### INSTRUCTIONS TO FOLLOW:
Leave the images out, and copy each of the records below exactly.

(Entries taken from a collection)
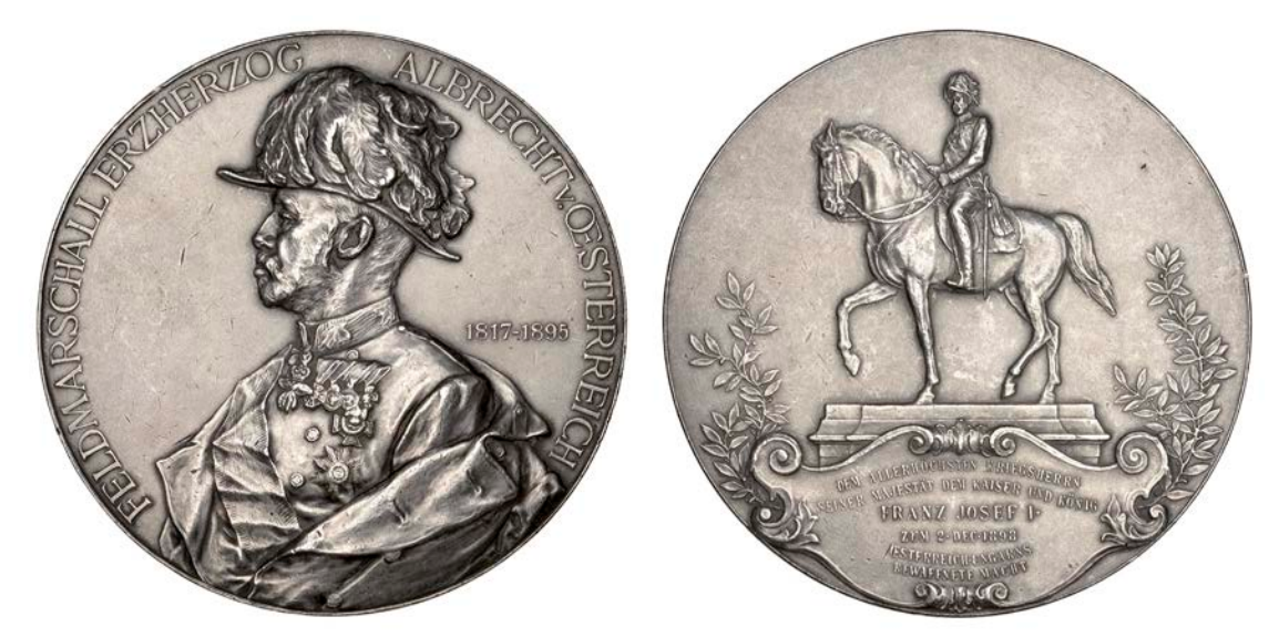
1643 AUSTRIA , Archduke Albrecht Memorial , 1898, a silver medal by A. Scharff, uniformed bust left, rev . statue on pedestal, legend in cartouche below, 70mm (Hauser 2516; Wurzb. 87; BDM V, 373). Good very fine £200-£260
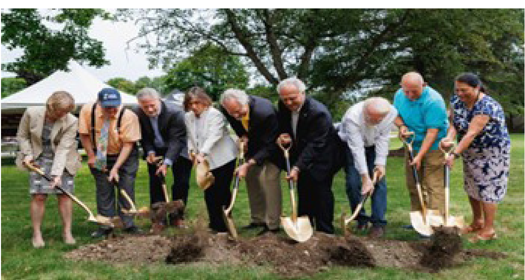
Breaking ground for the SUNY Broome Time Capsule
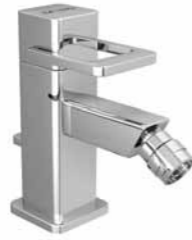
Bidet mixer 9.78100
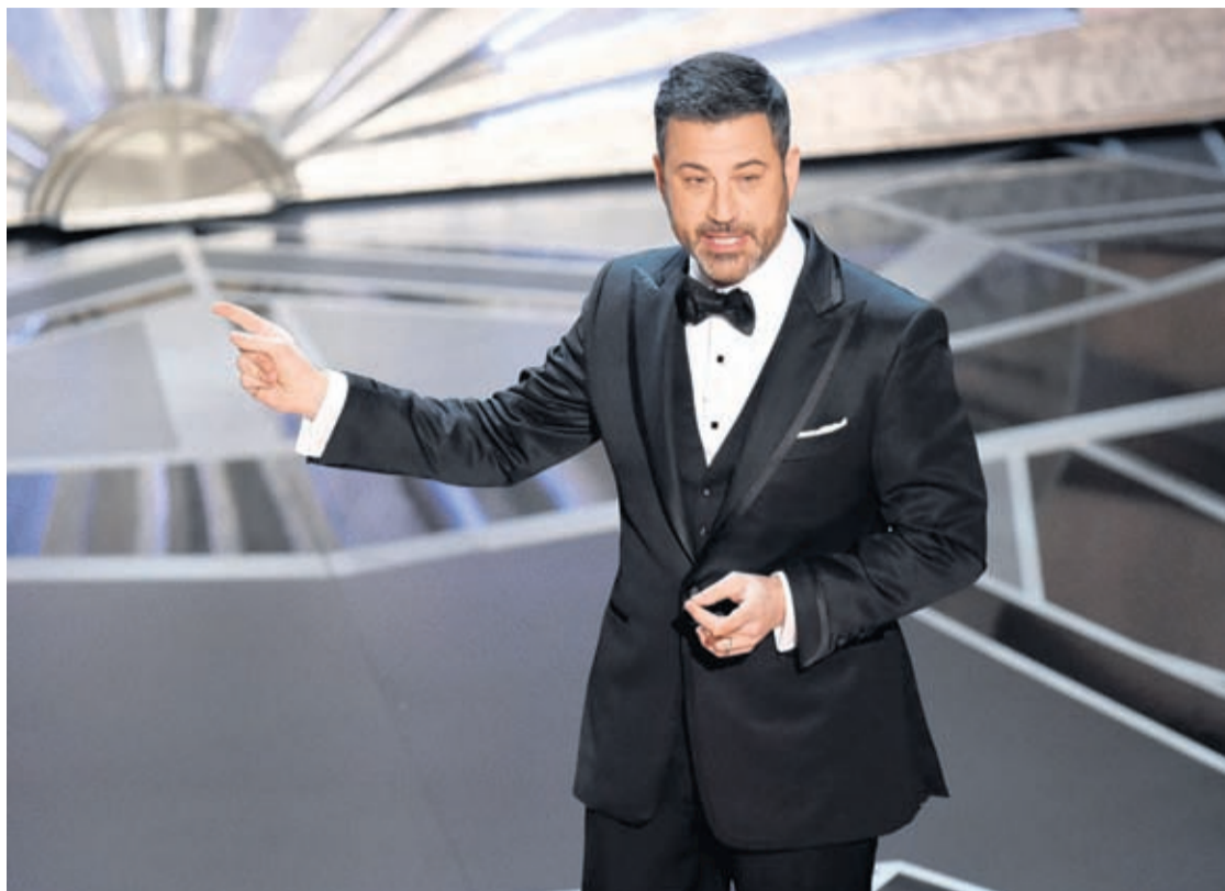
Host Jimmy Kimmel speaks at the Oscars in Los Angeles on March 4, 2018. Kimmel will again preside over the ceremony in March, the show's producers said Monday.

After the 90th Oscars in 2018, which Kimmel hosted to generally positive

### EXPECTED ANSWER:
1643 AUSTRIA , Archduke Albrecht Memorial , 1898, a silver medal by A. Scharff, uniformed bust left, rev . statue on pedestal, legend in cartouche below, 70mm (Hauser 2516; Wurzb. 87; BDM V, 373). Good very fine £200-£260
Breaking ground for the SUNY Broome Time Capsule
Bidet mixer 9.78100
Host Jimmy Kimmel speaks at the Oscars in Los Angeles on March 4, 2018. Kimmel will again preside over the ceremony in March, the show's producers said Monday.

After the 90th Oscars in 2018, which Kimmel hosted to generally positive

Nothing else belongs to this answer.